Накормив паралитика основательно, прямо-таки как здоровенного рестлера, Донна рассказала, что «таким Элвина сделали злые мальчишки». А пока она говорила, я смотрел в ее холодные серые глаза, на волевой квадратный подбородок, на нервные, не находящие покоя руки, и не верил. Не купился на то, что «Элвин был таким добрым, таким милым мальчиком, который просто хотел дружить». Ну нет, скорее навязывался и манипулировал, я за милю чую червивых людишек. Когда меняешь школу практически каждый год, быстро начинаешь разбираться в человеческой натуре. Чего только стоил тот мерзкий взгляд в церкви — он же просто издевался над Сэнди, мысленно раздевал ее и лапал, лапал. Меж тем Донна скормила внуку еще пару ребрышек и продолжила:

— Они были старше его на целых три года. К тому же их было двое. Люк Конли и его кузен Дэвис. Помню, как-то Элвин пришел из школы с разбитым носом, мне ничего не рассказал, но я-то сразу догадалась. У нас маленький город, все как на ладони. Потом эти мерзавцы засунули бедному мальчику за пазуху мертвую крысу. Мисс Аллен хороший директор, но что толку разговаривать с родителями Люка и Дэвиса, тут не беседы нужны…

Меня заинтересовало кое-что:

— Элвин, а где твои родители?

Тот капнул соус на футболку и принялся трогать ноги с таким видом, будто впервые их видел. Донна протянула салфетку и ответила за внука:

— Считай, что умерли.

Никогда не слышал более странного ответа.

— В тот день… Весь октябрь лил дождь, а тут выглянуло солнце. Ну и как было не отпустить Элвина погулять по лесу? Бедный мальчик просто хотел подойти и поздороваться с Люком и Дэвисом, а те столкнули его в овраг и преспокойно разошлись по домам. Я забила тревогу лишь поздно вечером, Элвин часто гулял в лесу один, и никогда ничего не случалось. Мы с шерифом нашли его на дне оврага только на следующий день. У нас такие темные, такие глубокие овраги…

Из этой душещипательной истории я понял, что полиция не выдвинула обвинений против Люка и Дэвиса, которые в один голос заявили, что не видели Барнса в тот день и даже не были в лесу. Элвин же сломал позвоночник, шейку бедра, отбил почки, печень и селезенку, в общем, всю требуху, и на всю жизнь остался инвалидом.

— А что, Дэвис и Люк до сих пор живут здесь? — спросил отец, протягивая Элвину стакан с мятным лимонадом. — Держи, дружок.

От «дружка» Элвин расплылся в улыбке:

— Мне так нравится ваш дом, сэр.

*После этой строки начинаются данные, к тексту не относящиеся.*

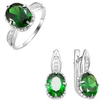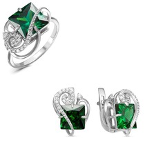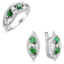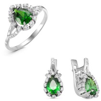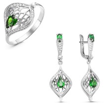 Серебряный гарнитур с фианитами зеленого цвета 021

Хорошо, должно быть, жить в таком большом и красивом доме.

— О, нет, что вы! — продолжила меж тем Донна. — Прошла пара месяцев, стало ясно, что Элвин уже никогда не будет ходить, а этих поганцев и след простыл, бросили родителей и уехали куда-то.

Потом Донна долго и нудно перечисляла физиологические проблемы Элвина. И все слушали с неподдельным интересом. Ну, почти все, кроме одураченного именинника. Я хотел отомстить за это притянутое за уши внимание к неполноценности, был уверен, что поступаю правильно, даже увидел знак в начавшемся дожде.

— Хотите посмотреть мою комнату? — предложил я. — Что скажешь, Элвин?

Мама ушла за очередной порцией виски, отцу позвонили с работы, одернуть было совершенно некому. Иначе бы я, наверное, не брякнул такое.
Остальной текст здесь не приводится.